The mean age of oocyte donors was 25.4 ± 4.0 years. Their BMI was 22.5 ± 2.8 (kg/m2) and basal FSH and E2 levels were 6.1 ± 2.1 IU/L and 48 ± 15 pg/L, respectively. The descriptive data of the follicular phase parameters and embryo development are outlined in Table 1.

Table 1
Follicular phase and embryo development parameters in 46 oocyte donors subjected to COS.

The median (or percentile 50) number of oocytes retrieved was 17. Twenty-two women produced less than 17 oocytes, whereas the remaining 24 produced 17 oocytes or more. Age and ovarian stimulation parameters according to this cut-off were similar (Table 2).

Table 2
Comparison of the different parameters between women with ovarian response below the median (<17 oocytes) or equal to/above the median (≥17 oocytes).

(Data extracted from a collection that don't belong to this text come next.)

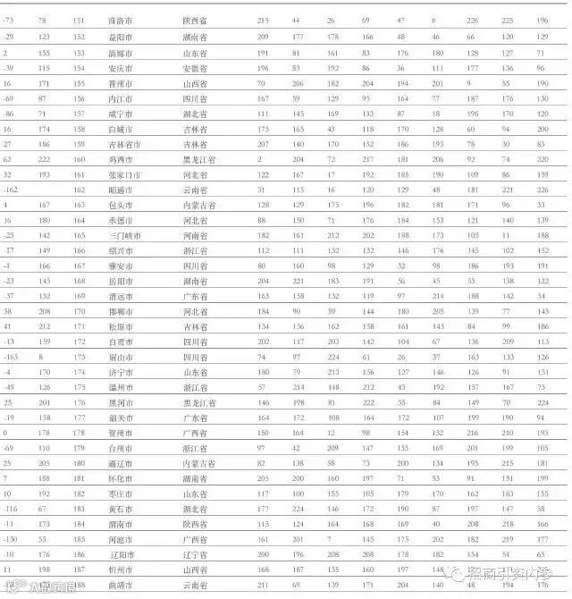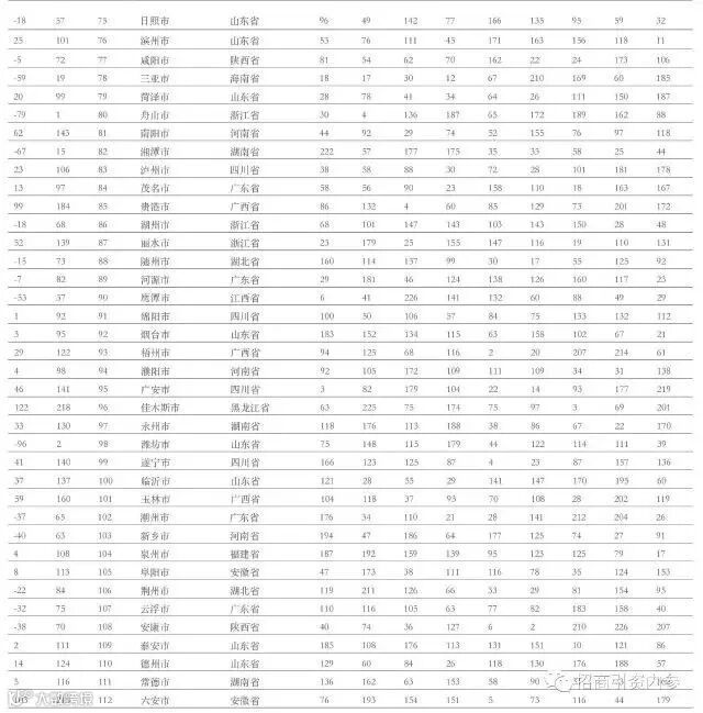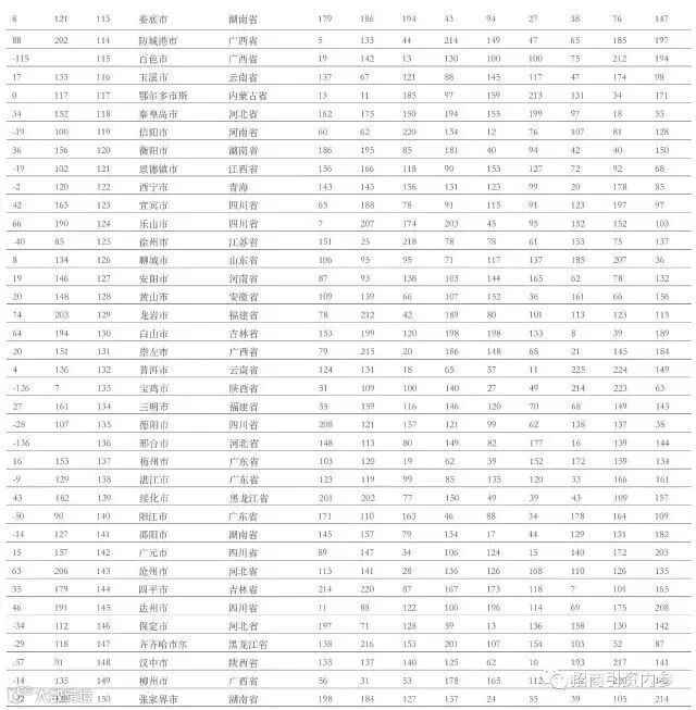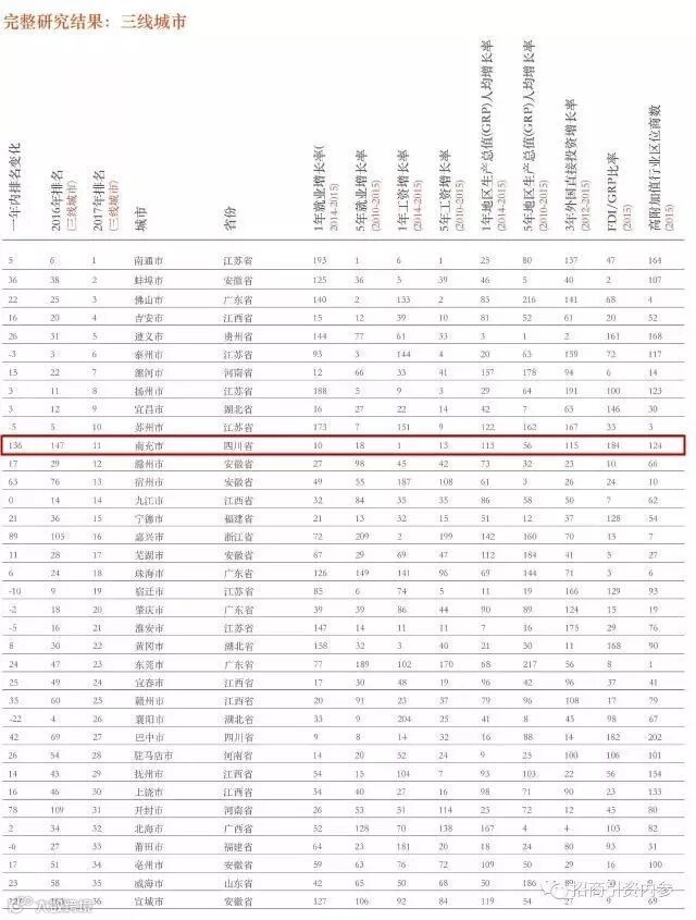 在三线城市中,前十五名依次为:南通、蚌埠、佛山、吉安、遵义、泰州、漯河、扬州、宜昌、苏州、南充、滁州、宿州、九江、宁德。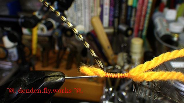 ⑨ 最初と同じ手順で寄りつけたオーストリッチ&ピーコックハールを巻く。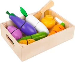 Διασκεδαστικό ξύλινο σετ λαχανικών για κοπή σε κομψό καλαθάκι που προσφέρει στα παιδιά ώρες δημιουργικού παιχνιδιού. Χάρη στα εσωτερικά κομμάτια βέλκρο, τα μεμονωμένα τεμάχια μπορούν εύκολα να «κοπούν» και να ενωθούν ξανά με το ασφαλές ξυλάκι-μαχαιράκι. Υποστηρίζει τη λεπτή κινητικότητα, τη δημιουργικότητα και την εκμάθηση χρωμάτων και σχημάτων, είναι ανθεκτικό και εύκολα μεταφερόμενο.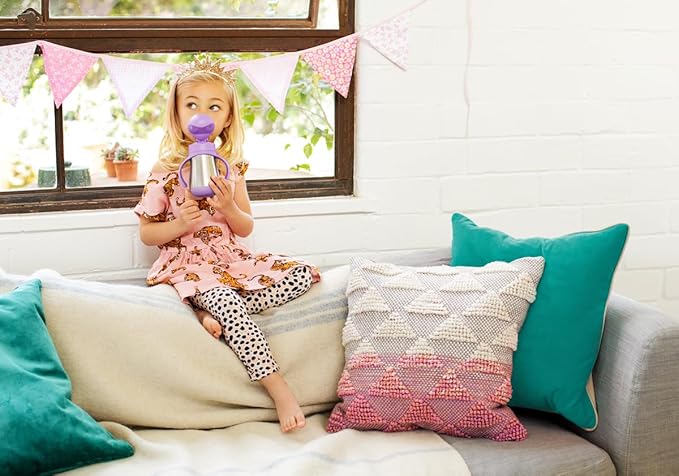 MUNCHKIN STRAW CUP: A cute spill-proof toddler water bottle and beaker with lid, plus easy grip handles and a Purple cat ear design. The flip top lid is easy for little fingers to open and close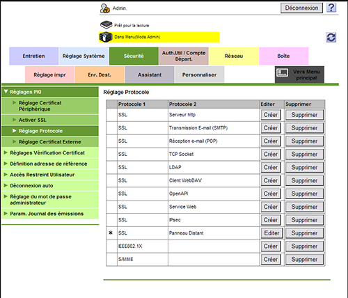 En mode Administrateur, cliquez sur [Sécurité] - [Réglages PKI] - [Réglage Protocole] - [Créer], puis sélectionnez un certificat à utiliser pour le protocole.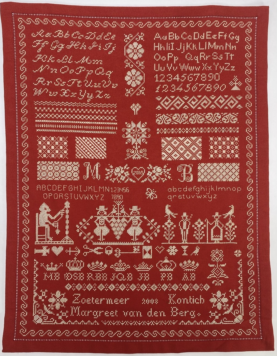 Merklap uit 2008, uitgevoerd in kruissteekborduurwerk op linnen of katoen. De voorstelling bevat meerdere alfabetten, cijferreeksen, randversieringen, bloemmotieven, kronen en geometrische patronen, gecombineerd met figuratieve scènes zoals een spinnewiel en paren in traditionele kleding. Onderaan geborduurd met de tekst Zoetermeer 2008 Kontich.
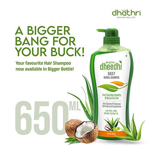 Dhathri Dheedhi Daily Herbal Shampoo to Reduce Dandruff & Promote Hair Growth, Ayurvedic Shampoo to Restore Hair Shine & Strength (650ml)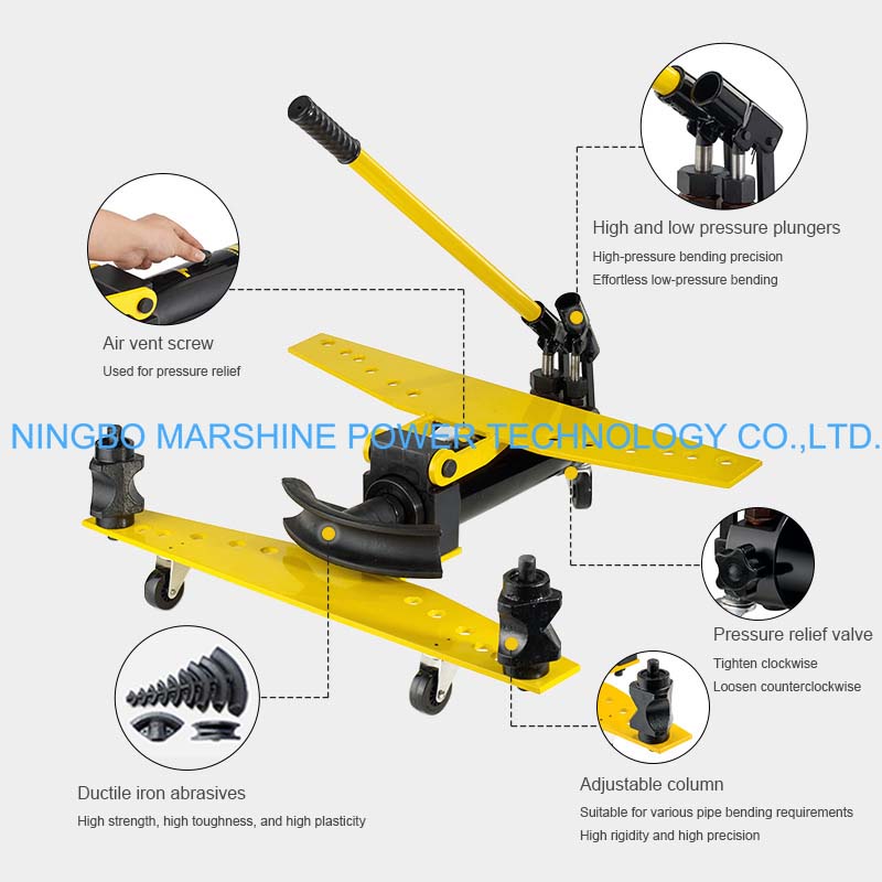 Cet équipement de cintrage de tuyaux hydrauliques de type manuel MARSHINE SWG permet une variété de matrices de cintrage pour différents diamètres de tuyaux utilisés dans la construction et les travaux électriques, etc.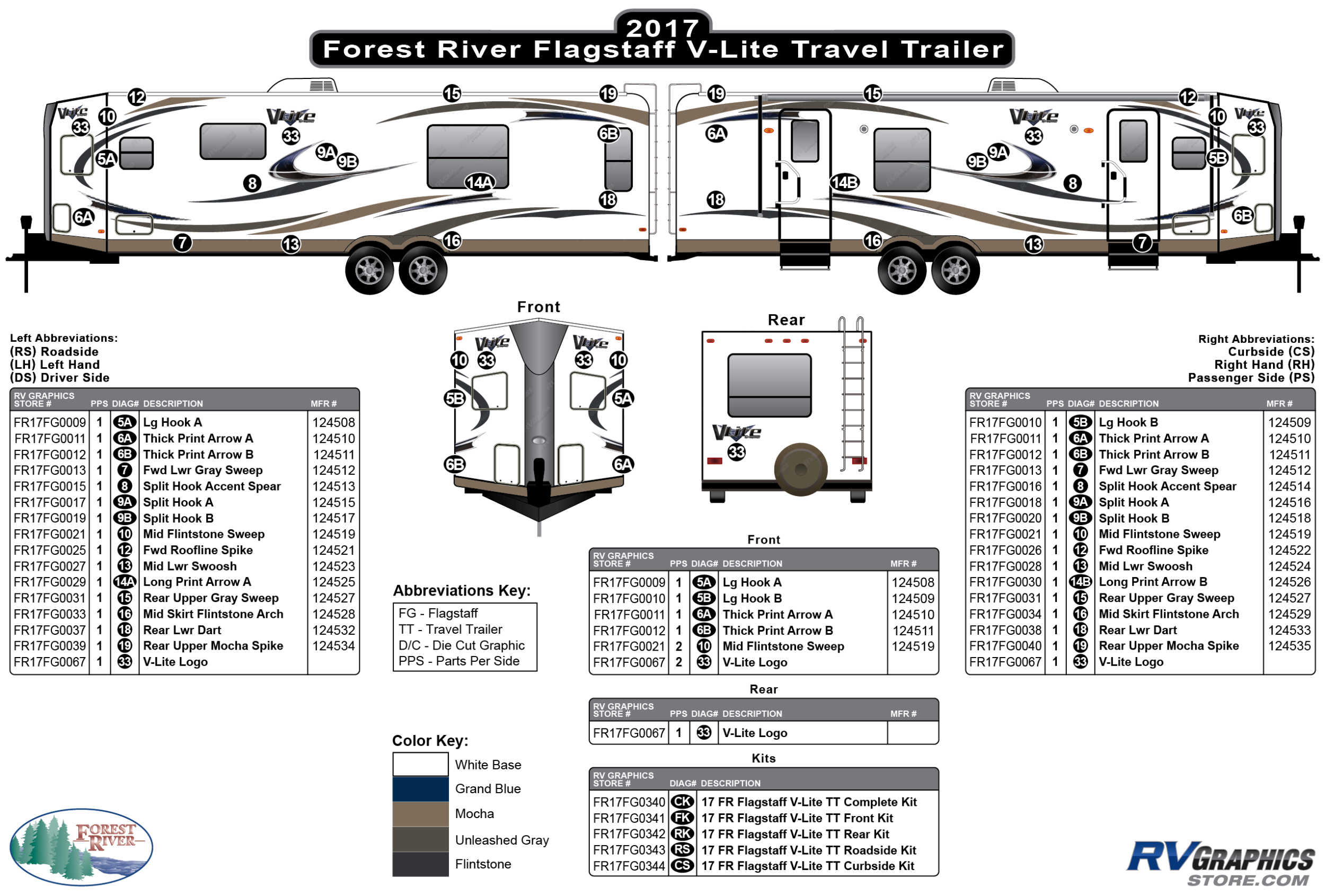 16 Piece 2017 Flagstaff V-Lite Travel Trailer Curbside Graphics Kit

The mean number of euploid embryos per oocyte donation was 3.9 ± 2.3 (95% CI: 3.2–4.6), with a minimum of 0 and a maximum of 10 euploid embryos per cycle (P25 to P75 = 2–5 euploid embryos). A total of 3.4 MII oocytes were needed to obtain one euploid embryo. The mean number of euploid embryos per cycle was closely related to ovarian response. In fact, when we considered the median value as a reference point, we observed that the mean of euploid embryos was 5.0 ± 2.4 (median 5.0) when the number of oocytes obtained was ≥median (17 oocytes), and it was 2.6 ± 1.4 (median 2.5) when ovarian response was below it (p < 0.001).

We observed a positive relationship between number of oocytes and number of euploid embryos (p < 0.05) (Figure 1). A linear regression evaluating this relationship provided the following equation: number of euploid embryos = 0.841 + 0.168 × number of oocytes, with R = 0.550; R2 = 0.302; p < 0.0001.

Figure 1
Number of euploid embryos according to ovarian response.

Ovarian response also correlated positively with the number of aneuploid and nonbiopsied embryos (e.g., arrested or not and meeting the inclusion criteria for being biopsied) (p < 0.05) (Figures 2(b) and 2(c)).

Figure 2
Correlation between the number of total oocytes obtained and the total number of euploid (a), aneuploid (b), and nonbiopsied (c) embryos per donor. Correlation between ovarian sensitivity index (OSI) and euploid embryos (d).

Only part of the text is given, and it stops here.